• Required work: Leave out the images and repeat the listing below without a single change.

• Given data:
+===+

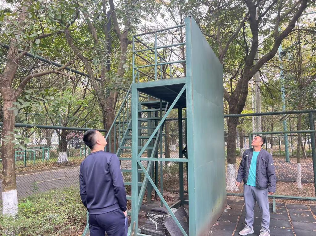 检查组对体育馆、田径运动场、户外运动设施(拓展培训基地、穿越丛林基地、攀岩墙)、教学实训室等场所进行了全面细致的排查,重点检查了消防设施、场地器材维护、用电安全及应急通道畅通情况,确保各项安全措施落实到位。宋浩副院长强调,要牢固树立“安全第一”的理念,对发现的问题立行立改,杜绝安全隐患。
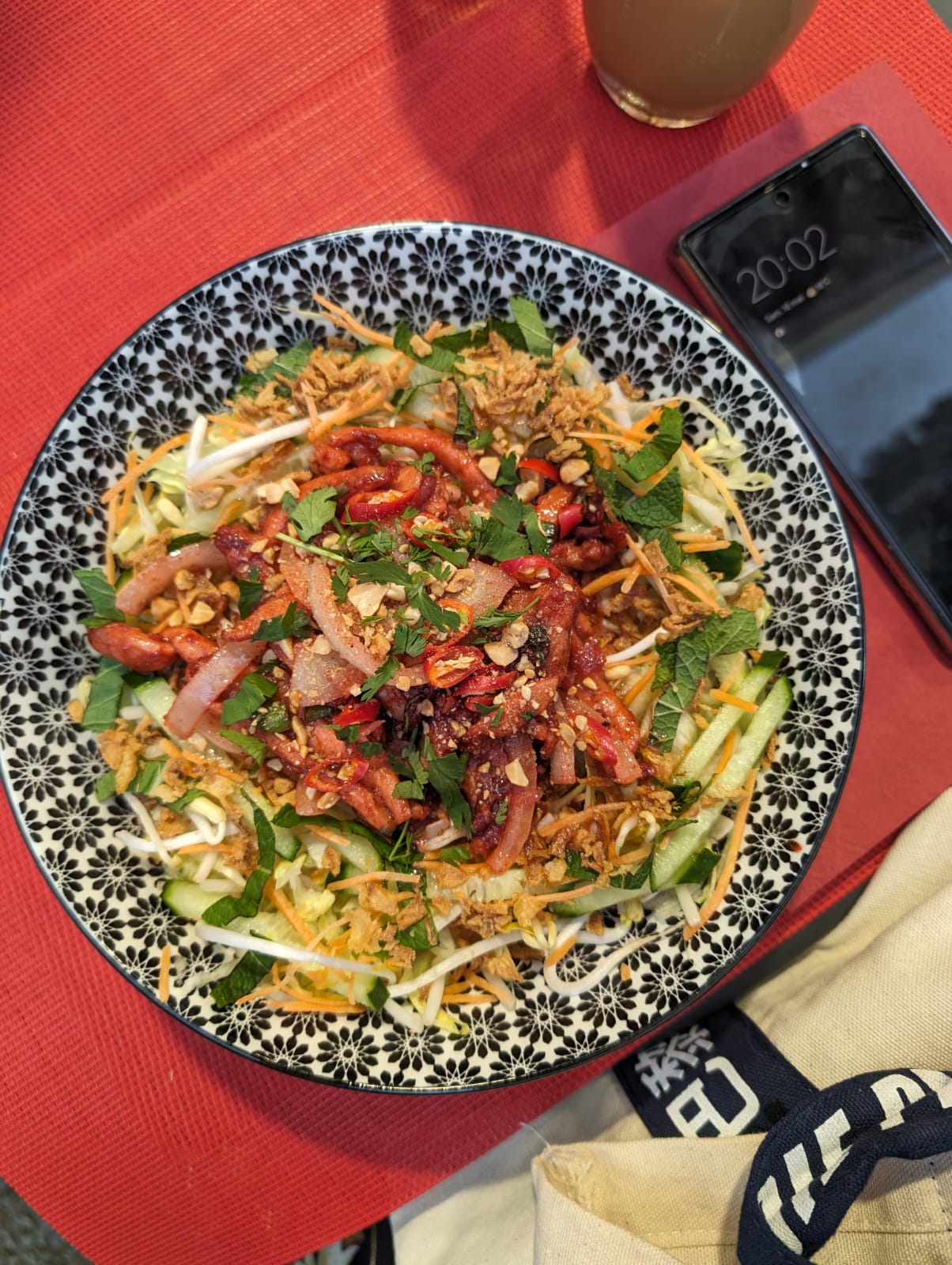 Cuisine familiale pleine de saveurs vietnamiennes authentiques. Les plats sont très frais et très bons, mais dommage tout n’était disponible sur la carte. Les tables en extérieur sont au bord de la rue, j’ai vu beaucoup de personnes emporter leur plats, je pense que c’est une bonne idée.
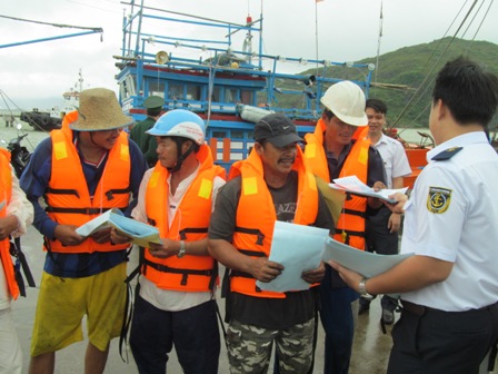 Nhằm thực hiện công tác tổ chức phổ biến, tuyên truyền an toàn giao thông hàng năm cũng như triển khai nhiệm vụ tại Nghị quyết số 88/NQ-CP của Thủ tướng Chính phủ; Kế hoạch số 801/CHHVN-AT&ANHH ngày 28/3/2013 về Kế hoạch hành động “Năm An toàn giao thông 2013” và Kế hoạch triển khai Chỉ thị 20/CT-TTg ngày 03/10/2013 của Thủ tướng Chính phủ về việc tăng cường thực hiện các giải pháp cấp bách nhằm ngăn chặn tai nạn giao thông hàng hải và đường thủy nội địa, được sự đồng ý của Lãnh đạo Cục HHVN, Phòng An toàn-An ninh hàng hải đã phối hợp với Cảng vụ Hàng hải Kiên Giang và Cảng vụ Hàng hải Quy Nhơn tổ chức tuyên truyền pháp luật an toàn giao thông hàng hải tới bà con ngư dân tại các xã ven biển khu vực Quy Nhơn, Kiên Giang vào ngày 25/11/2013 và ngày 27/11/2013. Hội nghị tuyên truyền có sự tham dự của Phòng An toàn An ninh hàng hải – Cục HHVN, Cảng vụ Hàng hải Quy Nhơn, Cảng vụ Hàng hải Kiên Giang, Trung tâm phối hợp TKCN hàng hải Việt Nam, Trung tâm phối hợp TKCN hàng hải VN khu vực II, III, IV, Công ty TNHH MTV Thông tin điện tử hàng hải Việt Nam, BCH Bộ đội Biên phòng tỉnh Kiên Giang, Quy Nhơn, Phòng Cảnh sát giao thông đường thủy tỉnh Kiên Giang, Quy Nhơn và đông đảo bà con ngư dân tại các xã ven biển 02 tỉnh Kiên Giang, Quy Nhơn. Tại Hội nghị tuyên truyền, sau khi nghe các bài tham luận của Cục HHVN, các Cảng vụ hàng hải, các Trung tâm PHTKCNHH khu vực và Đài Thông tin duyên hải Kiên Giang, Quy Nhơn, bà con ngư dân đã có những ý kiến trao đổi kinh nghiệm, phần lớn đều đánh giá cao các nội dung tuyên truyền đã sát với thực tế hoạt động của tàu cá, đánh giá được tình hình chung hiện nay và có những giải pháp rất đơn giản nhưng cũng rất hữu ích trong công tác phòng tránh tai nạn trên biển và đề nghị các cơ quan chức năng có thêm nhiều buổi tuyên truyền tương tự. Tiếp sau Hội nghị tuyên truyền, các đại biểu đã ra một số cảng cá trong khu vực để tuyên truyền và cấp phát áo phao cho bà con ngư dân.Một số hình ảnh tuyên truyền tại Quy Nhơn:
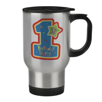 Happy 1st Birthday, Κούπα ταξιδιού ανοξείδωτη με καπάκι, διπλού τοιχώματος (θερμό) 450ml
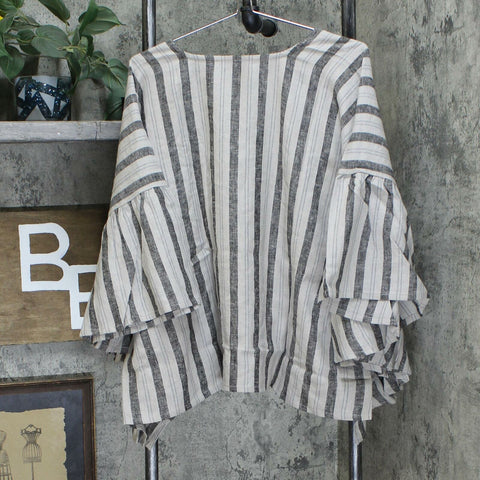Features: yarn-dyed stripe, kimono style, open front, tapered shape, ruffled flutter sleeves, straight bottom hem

+===+

• Worked solution:
 检查组对体育馆、田径运动场、户外运动设施(拓展培训基地、穿越丛林基地、攀岩墙)、教学实训室等场所进行了全面细致的排查,重点检查了消防设施、场地器材维护、用电安全及应急通道畅通情况,确保各项安全措施落实到位。宋浩副院长强调,要牢固树立“安全第一”的理念,对发现的问题立行立改,杜绝安全隐患。
 Cuisine familiale pleine de saveurs vietnamiennes authentiques. Les plats sont très frais et très bons, mais dommage tout n’était disponible sur la carte. Les tables en extérieur sont au bord de la rue, j’ai vu beaucoup de personnes emporter leur plats, je pense que c’est une bonne idée.
 Nhằm thực hiện công tác tổ chức phổ biến, tuyên truyền an toàn giao thông hàng năm cũng như triển khai nhiệm vụ tại Nghị quyết số 88/NQ-CP của Thủ tướng Chính phủ; Kế hoạch số 801/CHHVN-AT&ANHH ngày 28/3/2013 về Kế hoạch hành động “Năm An toàn giao thông 2013” và Kế hoạch triển khai Chỉ thị 20/CT-TTg ngày 03/10/2013 của Thủ tướng Chính phủ về việc tăng cường thực hiện các giải pháp cấp bách nhằm ngăn chặn tai nạn giao thông hàng hải và đường thủy nội địa, được sự đồng ý của Lãnh đạo Cục HHVN, Phòng An toàn-An ninh hàng hải đã phối hợp với Cảng vụ Hàng hải Kiên Giang và Cảng vụ Hàng hải Quy Nhơn tổ chức tuyên truyền pháp luật an toàn giao thông hàng hải tới bà con ngư dân tại các xã ven biển khu vực Quy Nhơn, Kiên Giang vào ngày 25/11/2013 và ngày 27/11/2013. Hội nghị tuyên truyền có sự tham dự của Phòng An toàn An ninh hàng hải – Cục HHVN, Cảng vụ Hàng hải Quy Nhơn, Cảng vụ Hàng hải Kiên Giang, Trung tâm phối hợp TKCN hàng hải Việt Nam, Trung tâm phối hợp TKCN hàng hải VN khu vực II, III, IV, Công ty TNHH MTV Thông tin điện tử hàng hải Việt Nam, BCH Bộ đội Biên phòng tỉnh Kiên Giang, Quy Nhơn, Phòng Cảnh sát giao thông đường thủy tỉnh Kiên Giang, Quy Nhơn và đông đảo bà con ngư dân tại các xã ven biển 02 tỉnh Kiên Giang, Quy Nhơn. Tại Hội nghị tuyên truyền, sau khi nghe các bài tham luận của Cục HHVN, các Cảng vụ hàng hải, các Trung tâm PHTKCNHH khu vực và Đài Thông tin duyên hải Kiên Giang, Quy Nhơn, bà con ngư dân đã có những ý kiến trao đổi kinh nghiệm, phần lớn đều đánh giá cao các nội dung tuyên truyền đã sát với thực tế hoạt động của tàu cá, đánh giá được tình hình chung hiện nay và có những giải pháp rất đơn giản nhưng cũng rất hữu ích trong công tác phòng tránh tai nạn trên biển và đề nghị các cơ quan chức năng có thêm nhiều buổi tuyên truyền tương tự. Tiếp sau Hội nghị tuyên truyền, các đại biểu đã ra một số cảng cá trong khu vực để tuyên truyền và cấp phát áo phao cho bà con ngư dân.Một số hình ảnh tuyên truyền tại Quy Nhơn:
 Happy 1st Birthday, Κούπα ταξιδιού ανοξείδωτη με καπάκι, διπλού τοιχώματος (θερμό) 450ml
Features: yarn-dyed stripe, kimono style, open front, tapered shape, ruffled flutter sleeves, straight bottom hem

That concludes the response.